### Problem description
Please could you give again the lines from the one holding "STORM DAMAGE TO ROOF" through the final line of the data below, exactly, with no other lines?

### Records drawn from a dataset
___
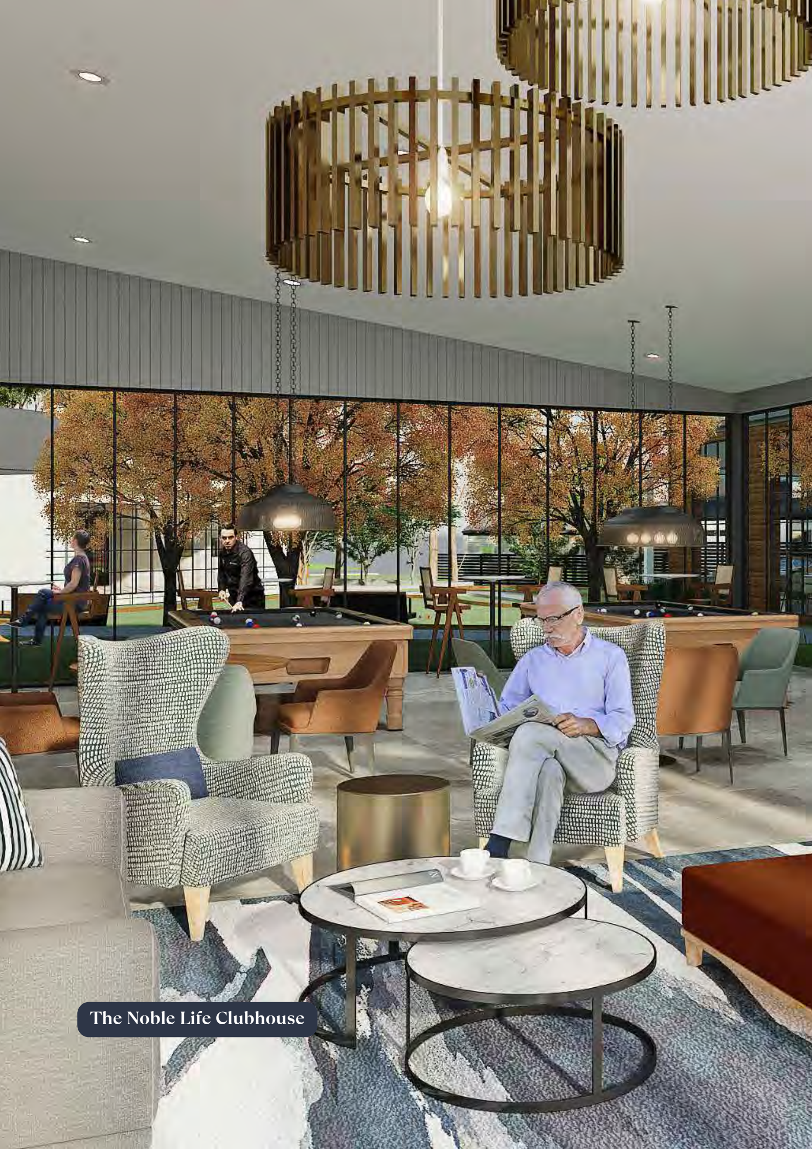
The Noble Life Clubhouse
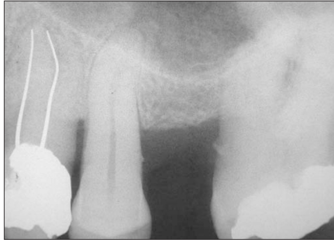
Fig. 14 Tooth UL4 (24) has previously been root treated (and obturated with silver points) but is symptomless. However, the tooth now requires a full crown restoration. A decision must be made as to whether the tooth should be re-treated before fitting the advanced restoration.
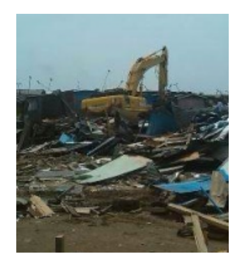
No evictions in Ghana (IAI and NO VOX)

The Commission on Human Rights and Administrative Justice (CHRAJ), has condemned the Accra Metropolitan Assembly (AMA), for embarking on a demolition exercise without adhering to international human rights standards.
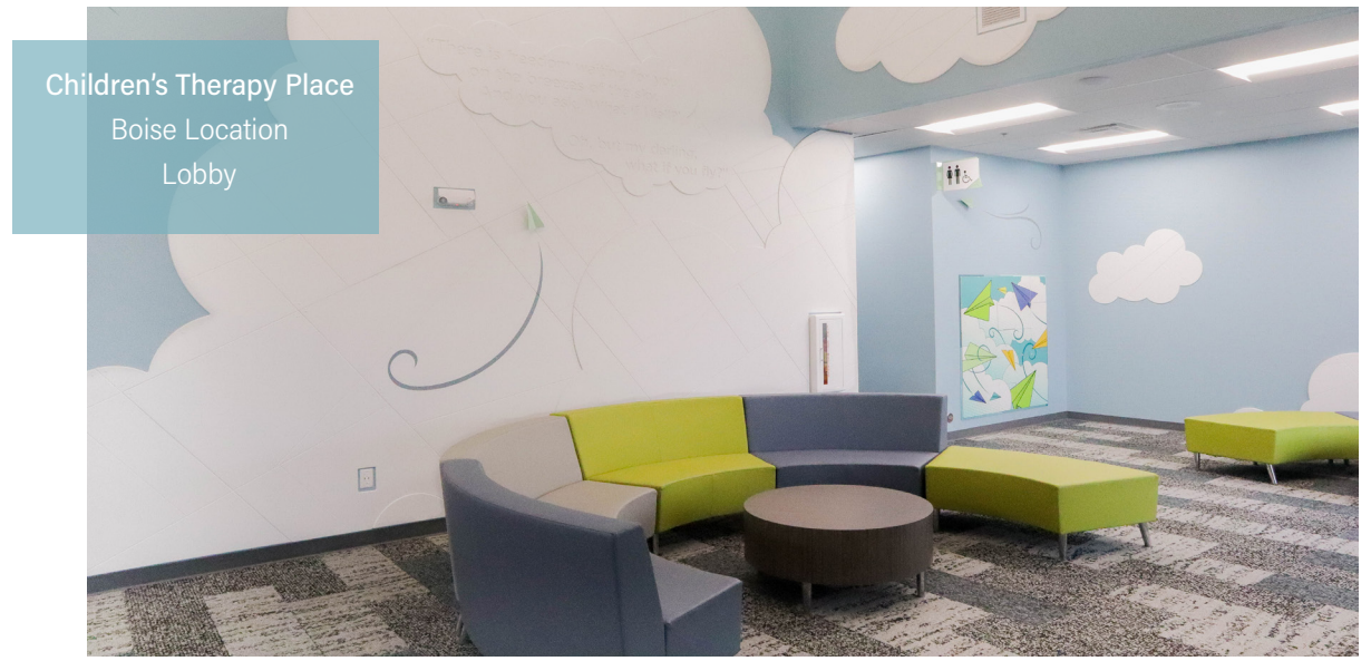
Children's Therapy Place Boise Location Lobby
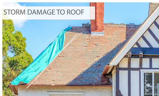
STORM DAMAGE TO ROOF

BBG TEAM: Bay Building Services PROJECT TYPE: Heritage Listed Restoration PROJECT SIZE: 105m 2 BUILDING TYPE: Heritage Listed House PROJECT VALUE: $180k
___
### Problem solution
STORM DAMAGE TO ROOF

BBG TEAM: Bay Building Services PROJECT TYPE: Heritage Listed Restoration PROJECT SIZE: 105m 2 BUILDING TYPE: Heritage Listed House PROJECT VALUE: $180k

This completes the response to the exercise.